By Mohamed Ahmed
MOGDISHU (Reuters) - Adam Shine waited months for the chance to join one of Somalia's growth industries. He has now completed his training and is ready to use his boat-handling and global-positioning skills to hijack ships.
"I came here with my friends. They had a gun and were immediately recruited and joined companies. But I've never had a gun so, after a fairly long process, I was told to take part in training for a month and now I can join," he told Reuters by phone from the coastal, pirate haven of Haradheere.
The new 20-year-old recruit is just one of hundreds of youths in Haradheere desperate to sign up in the hope of earning a tiny slice of hijack ransoms worth millions of dollars.
The steady stream of new recruits suggests that patrols by European Union warships since December 2008 to deter hijackings and arrest the seaborne gunmen have done little to dent the enthusiasm for piracy in the failed Horn of Africa nation.
The pirate gang masters are also confident their business model will survive and are only too keen to hire more manpower as they have ambitious plans to increase attacks on ships beyond Somali waters and -- hopefully -- the reach of foreign patrols.
"So far, most of our sea operations have been organised within our country's water basin, besides four successful pilot operations outside Somali waters," said Mohamed, a pirate militia leader in Haradheere who is recruiting youths. "Now, we are strengthening this route to double such operations."

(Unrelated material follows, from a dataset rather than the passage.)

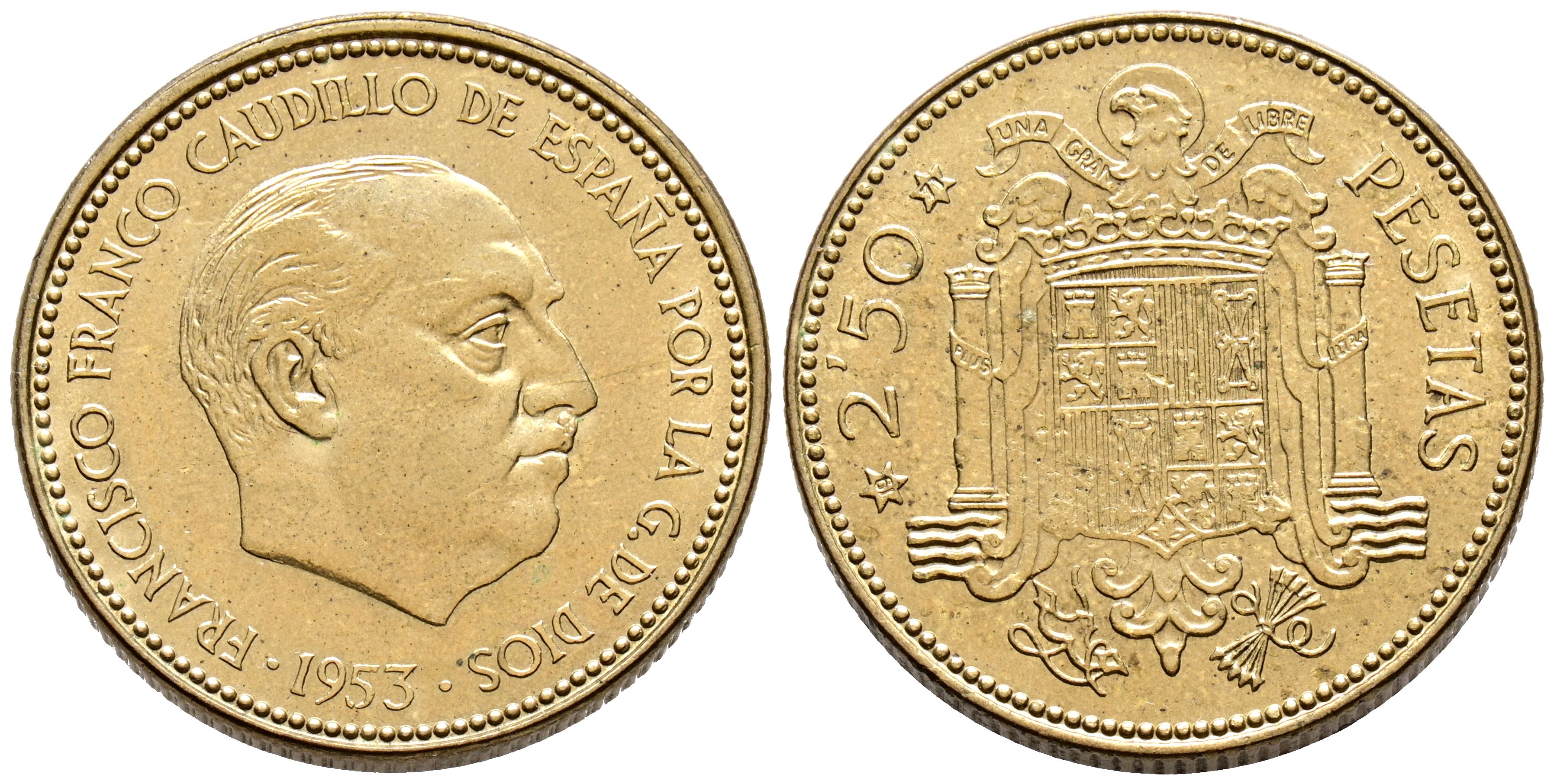 SPANISH STATE (1936-1975). 2.50 Pesetas. (AlCu. 7.13g/25mm). 1953 *19-71. Madrid. (Cal-2019-90). Good Extremely Fine. Scarce.

"We took account of the fact we would face danger one day and we have been thinking a lot about changing the tactics of our hijacking operations. We are financially strong enough to have access and continue our normal business in the sea."
RECORD RANSOMS
According to the International Maritime Bureau, Somali pirates accounted for more than half the reported piracy incidents worldwide in 2009 and nearly all of the hijackings, with 47 successful captures.
Andrew Mwangura, head of the Kenyan-based East African Seafarers' Assistance Programme, said more than $60 million (38.8 million pound) was paid in ransoms last year to Somali gangs -- up from $55 million in 2008 -- and they have kept up the pace this year.
Pirates got the largest ransom on record for a Greek-flagged oil tanker in January, a payout of between $5.5 to $7 million. A supertanker carrying as much as $170 million of oil from Iraq to the United States was seized this month.
"What became clear in 2008 and 2009, and continued in 2010, is that Somali maritime piracy is big business," Mwangura said.
He said there are about 1,500 pirates working for seven syndicates and a smaller number of "bosses" who control separate but linked enterprises, largely financed and brokered from Kenya, Dubai, Lebanon, Somalia and other countries.
According to Mwangura, Somali pirates seized 26 vessels between December 29 and April 7 and are now holding 20 ocean-going vessels and 242 crew members as hostages.
Senior shipping executives also worry that Somali piracy is still on the rise. Jan Kopernicki, president of the UK Chamber of Shipping Industry Association, told Reuters a new generation of well-organised Somali pirates was emerging.
He said the impression in the shipping industry was that money earned by this second generation of pirates was flowing out of Somalia to criminal elements, rather than helping to pay for services in Somali villages as some had done in the past.
"BRAIN-WASHED YOUTH"
Mohamed said different pirate gangs were working together more and more, with groups from Haradheere, for example, coordinating with gangs from the semi-autonomous northern region of Puntland to pull off long-range hijackings.
There have been a number of hijackings near the Seychelles archipelago hundreds of miles from Somalia and U.S. officials say there have been attacks near India and in the Mozambique Channel, putting the whole Indian Ocean at risk.
The pirates use so-called motherships to sail great distances out to sea and then launch attacks from small skiffs with high-powered outboard motors. Sometimes vessels are hijacked just to be used as motherships.
Foreign navies have become far more robust in dealing with pirates, detaining gunmen, destroying skiffs and seizing weapons when they come across suspects.
But with huge sums coming from the ransoms, the pirates are ready to reinvest in new equipment -- and the dealers in Somalia who sell boats and weapons are rubbing their hands.
A weapons dealer in the Bakara Market of the capital Mogadishu told Reuters there had been heavy pirate demand for weapons since December and there are no signs of it abating.
Khaled Ibrahim, a broker who sells boats, said increased demand was driving up the prices. A small mothership and two skiffs used to sell for $13,000. Now they cost $18,000.
A luxury car dealer who used to loan vehicles to pirates told Reuters he had given up his business and now invests cash directly in the pirate companies to generate bigger returns when the ransoms are eventually dished out.
An elder in Haradheere, Haji Ali Mohamud, lamented the draw of piracy, but said there was little they could do to stop youths joining up as long as shipping companies continued to pay for their vessels to be freed.
"Nobody feels worried about going to sea," he told Reuters.
"The brain-washed youth are begging to be recruited as pirates, but how can we advise them when they are rewarded with multi-million dollar ransoms?"